A Brief History of Drinking Water Reassurances

It’s easier to draw an editorial cartoon when there’s a bad guy. A singular, easily identifiable, no question about it bad guy. And I must confess, this week I was looking for an easy way out. It’s summer! And as much as I love to draw cartoons, that’s an indoor game. I want to be outside — shooting hoops, catching fireflies, puttering about the yard — it doesn’t matter. The last few days in particular have been perfect for not doing actual work.

Alas, this is not a singular bad guy kind of topic. First of all, on the whole, the wide availability of safe drinking water throughout the United States has been a great success, and those responsible should be applauded. Of course for those who have been made sick, poisoned, or killed over the years, that doesn’t provide much solace.

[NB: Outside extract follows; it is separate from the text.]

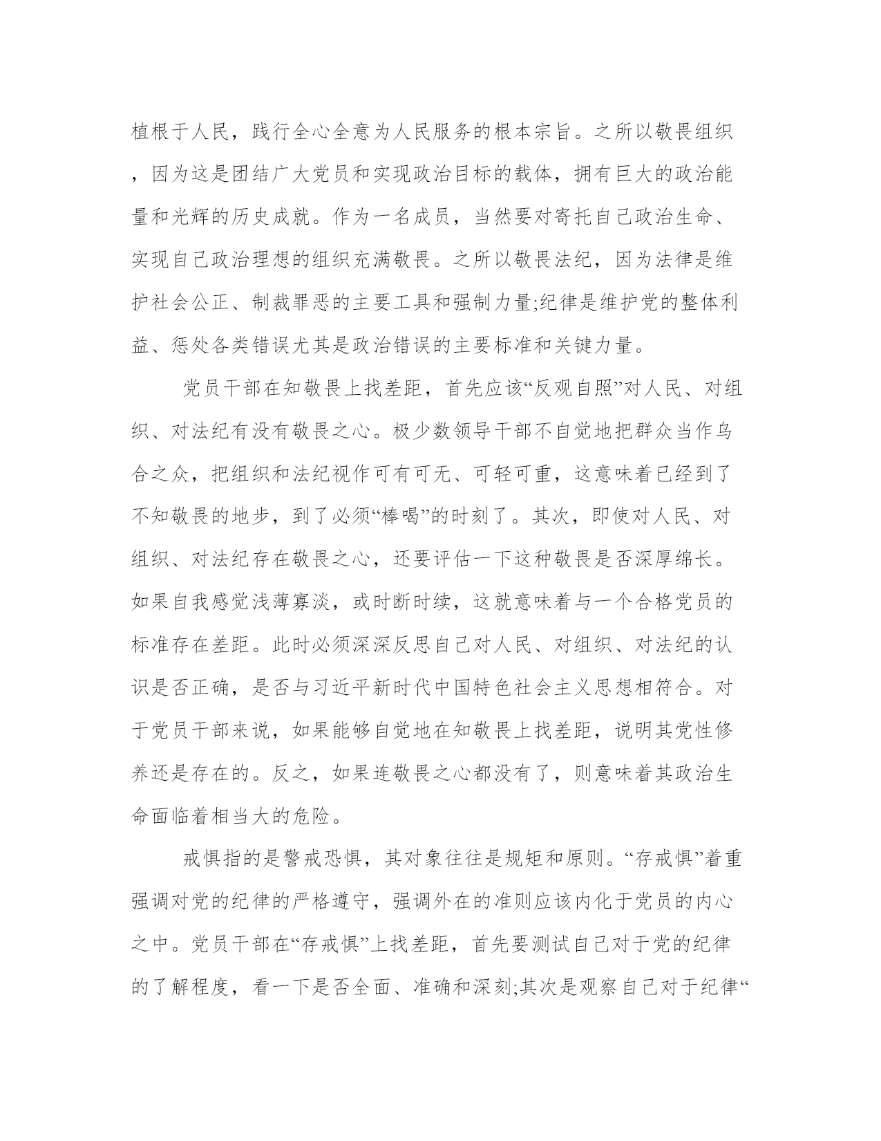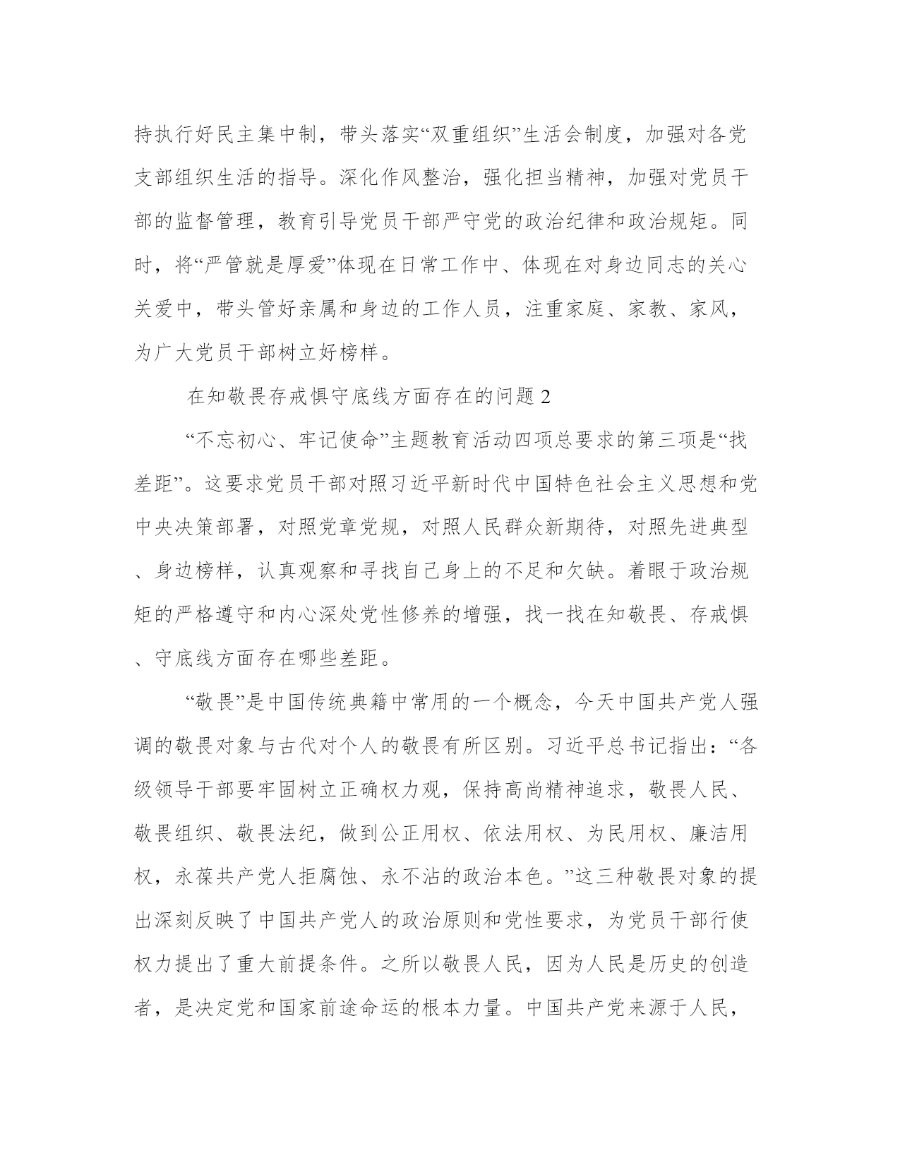 在知敬畏存戒惧守底线方面存在的问题3篇对照党章党规党纪找差距,就是通过照镜子对自己的言行,行动举止等方面进行不断反省,认清不足,自我革新、自我提升。本站精心为大家整理了在知敬畏存戒惧守底线方面存在的问题3篇,希望对你有帮助。在知敬畏存戒惧守底线方面存在的问题1一、查找的突出问题(一)在增强“四个意识”、坚定“四个自信”、做到“两个维护”方面。一是对政治理论学习的认识上有偏差。认为理论是比较虚的东西,理论水平再高,也不如实实在在干点事,因此没有对政治理论学习的重视程度不够,在运用先进理论来认识问题、分析问题和解决问题方面存在差距。二是在学用结合紧密联系不够。尽管用新理念新思想武装了头脑,但在理论指导实践上还不到位,仍然存在用惯性思维、依赖心理。用新思想指导纪检监察工作实际,把握运用不深刻不及时,直到上级纪检监察工作座谈会召开后,才找到明确方向。(二)在知敬畏、存戒惧、守底线方面。长期以来,以在纪律方面不出问题、不犯错误为底线,没有严格对照党章党纪的具体规定去梳理思考,没有为自己树立一个更高的标杆,工作繁忙时有时放松了对理论的再学习、对理想的再坚定、对革命意志的再锤炼。(三)在群众观点、群众立场、群众感情、服务群众方面。一是调查分析不够深入。调研重形式,听汇报、看材料的多,深入调查、仔细分析的少;听领导干部说的多、和职工交流少。二是联系群众不够密切。走马观花、流于形式,联系群众不细,问的多、听的少,单向沟通有余、双向互动不足。(四)在思想觉悟、能力素质、担当作为、道德修养、作风形象方面。一是攻坚克难还需提升。开会强调多,提要求多,经常性谈心谈话少,干部思想动态掌握的不准,严管干部方面还缺乏“刀刃向内”的勇气。一些自身建设的难点工作还未找到有效的破解方式,如解决基层纪检力量薄弱、专业素养偏低,充分调动派驻机构工作积极性等方面还没有切实有效的办法。二是缺乏亲历亲为。工作中谋划指导多,亲历亲为少,对纪委班子成员多是交待任务压担子,和他们坐下来分析问题分析对策较少,而自己具体深入工作一线更少,因此对一些工作掌握得不够深入细致,一定程度上影响了工作成效。二、产生问题的原因分析自己本着实事求是、认真负责的逐条分析查摆自身问题,主要体现在:一是坚定理想信念淡化。对博大精深习近平新时代中国特色社会主义思想的认识还缺乏宏大的理论视野和高度的政治自觉。面对新形势新变化,缺少更加坚定的理论自信,导致理想信念出现松懈。二是纪律规矩严守不够。反思自己在纪律规矩上存在的问题,主要原因是政治敏锐性和政治鉴别力不够。在刚性执行政治纪律、组织纪律上不够坚定、不够到位,执行各项规章制度不够严格。三是勇于担当作为不够。随着参加工作时间的增加,面对新形势、新挑战,执着不够,缺乏攻坚克难的敬业精神,工作抓实、抓细、抓具体,“一竿子插到底”的实干精神还不够强,工作主动性和创造性不足。三、今后努力方向和改进措施下一步自己将针对自身问题和不足,紧扣主题教育“守初心、担使命,找差距、抓落实”总要求,坚持把改字贯穿始终,紧密结合自身实际和纪检监察工作,找准着力点,狠抓关键点,以持之以恒的努力逐项抓好整改落实。重点抓好以下四个方面:二是积极开拓创新,提高履职本领。充分发挥主观能动性,进一步转变观念、更新观念,突破原有的思维定式以及经验主义束缚,立足实际,大胆探索,创造性的开展纪检工作。面对新形势,深入分析新情况、新问题,把握规律掌握情况,不断创造新工作模式,提高工作效能,以求真务实的作风,把上级的决策部署到实处。破除“守成”思想,主动分析新情况新问题,大胆探索新思路,创造性地推进新时期公司纪检工作。三是强化责任落实,恪守纪律规矩。严守党的政治纪律和政治规矩,认真落实中央八项规定和实施细则精神,率先垂范严格自律。坚持执行好民主集中制,带头落实“双重组织”生活会制度,加强对各党支部组织生活的指导。深化作风整治,强化担当精神,加强对党员干部的监督管理,教育引导党员干部严守党的政治纪律和政治规矩。同时,将“严管就是厚爱”体现在日常工作中、体现在对身边同志的关心关爱中,带头管好亲属和身边的工作人员,注重家庭、家教、家风,为广大党员干部树立好榜样。在知敬畏存戒惧守底线方面存在的问题2“不忘初心、牢记使命”主题教育活动四项总要求的第三项是“找差距”。这要求党员干部对照习近平新时代中国特色社会主义思想和党中央决策部署,对照党章党规,对照人民群众新期待,对照先进典型、身边榜样,认真观察和寻找自己身上的不足和欠缺。着眼于政治规矩的严格遵守和内心深处党性修养的增强,找一找在知敬畏、存戒惧、守底线方面存在哪些差距。“敬畏”是中国传统典籍中常用的一个概念,今天中国共产党人强调的敬畏对象与古代对个人的敬畏有所区别。习近平总书记指出:“各级领导干部要牢固树立正确权力观,保持高尚精神追求,敬畏人民、敬畏组织、敬畏法

But the second (and bigger) reason is that it’s quite a complicated topic. Conditions that introduced sewage, industrial waste, lead, and PFAS into drinking water over the years weren’t generally the work of pathological villains. It was more likely the result of ignorance or greed, but made worse (much worse) by denial and CYA. So despite my lazy aspirations, the cartoon isn’t about blaming a bad guy — it’s about recognizing the pattern that causes most of the damage.

Anyway, that’s enough analysis. I want to go outside.